Doctor in the House is a 1954 British comedy film directed by Ralph Thomas and produced by Betty Box. The screenplay, by Nicholas Phipps, Richard Gordon and Ronald Wilkinson, is based on the novel by Gordon, and follows a group of students through medical school.

It was the most popular box office film of 1954 in Great Britain. Its success spawned six sequels, and also a television and radio series entitled Doctor in the House.

It made Dirk Bogarde one of the biggest British stars of the 1950s.
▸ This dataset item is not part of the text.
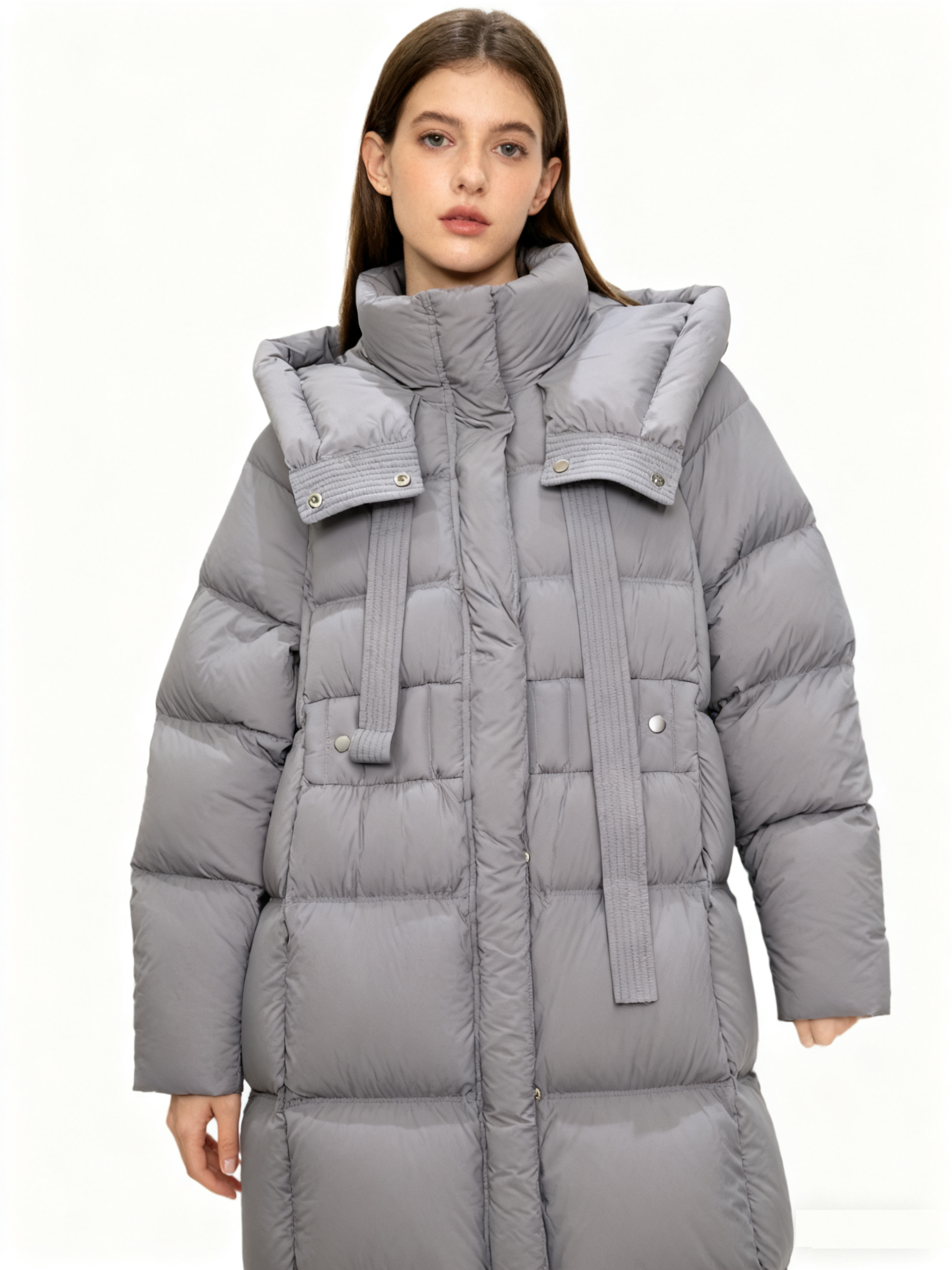 High-Grade Gray Long Women’s Puffer Jacket Coat for Warm Suitable for Winter

Other well-known British actors featured in the film were Kenneth More, Donald Sinden and Donald Houston. James Robertson Justice appeared as the irascible chief surgeon Sir Lancelot Spratt, a role he would repeat in many of the sequels.

Plot summary

The story follows the fortunes of Simon Sparrow (Dirk Bogarde), starting as a new medical student at the fictional St Swithin's Hospital in London. His five years of student life, involving drinking, dating women, and falling foul of the rigid hospital authorities, provide many humorous incidents.

When he has to leave his first choice of lodgings to get away from his landlady's amorous daughter (Shirley Eaton), he ends up with three amiable but less-than-shining fellow students as flatmates:

  • Richard Grimsdyke (Kenneth More). A relative had left him a small but adequate annuity while he remains in medical school, so he sees to it that he flunks each year.
  • Tony Benskin (Donald Sinden), an inveterate woman chaser.
  • Taffy Evans (Donald Houston), a rugby fanatic.
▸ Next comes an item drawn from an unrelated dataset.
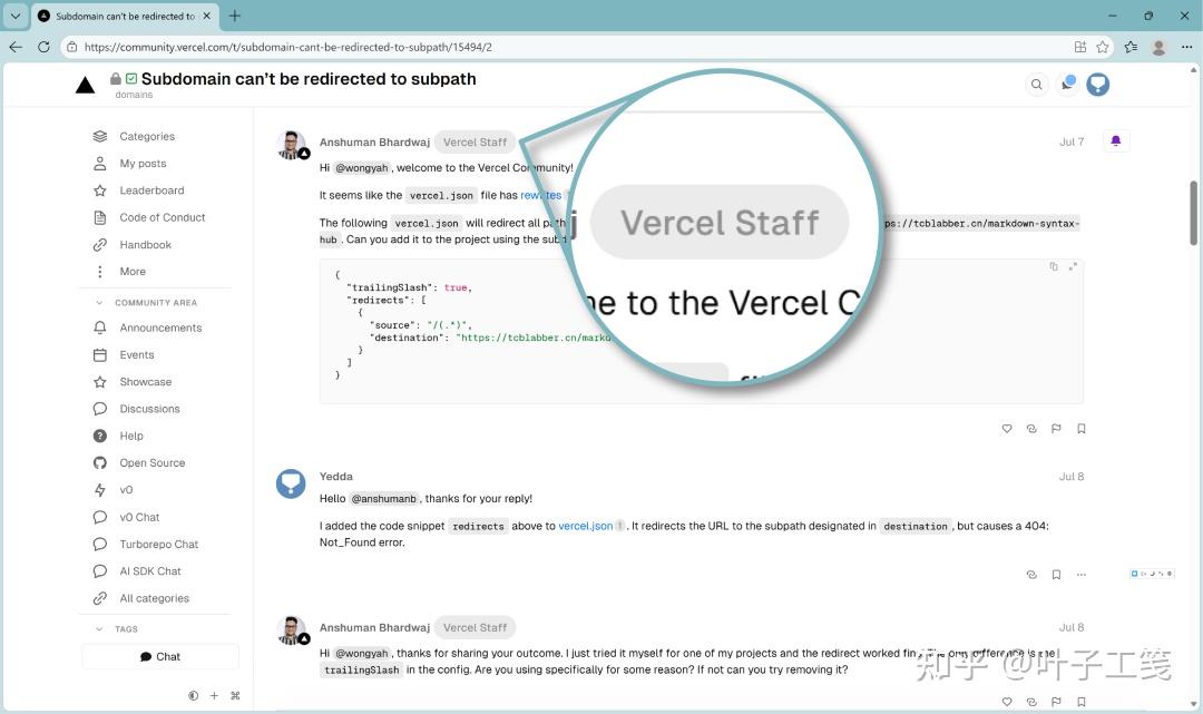 一说用户社区,感觉好像是用户之间的互助平台。实际上,社区里几乎所有的贴子都是由 Vercel 的员工在回复。我的个人网站托管在 Vercel 上,时不时就会遇到搞不定的地方。无论通过是以前的网页表单还是现在的自有社区,几乎都能在第二天收到热情、专业的回复。对了,我是免费版用户。

Towering over them all is the short-tempered, demanding chief surgeon, Sir Lancelot Spratt (played by James Robertson Justice in a manner quite unlike Gordon's original literary character), who strikes terror into everyone.

Simon's friends cajole him into a series of disastrous dates, first with a placidly uninterested "Rigor Mortis" (Joan Sims), then with Isobel (Kay Kendall), a woman with very expensive tastes, and finally with Joy (Muriel Pavlow), a nurse at St Swithin's. After a rocky start, he finds he likes Joy a great deal. Meanwhile, Richard is given an ultimatum by his fiancée Stella (Suzanne Cloutier) – graduate or she will leave him. He buckles down.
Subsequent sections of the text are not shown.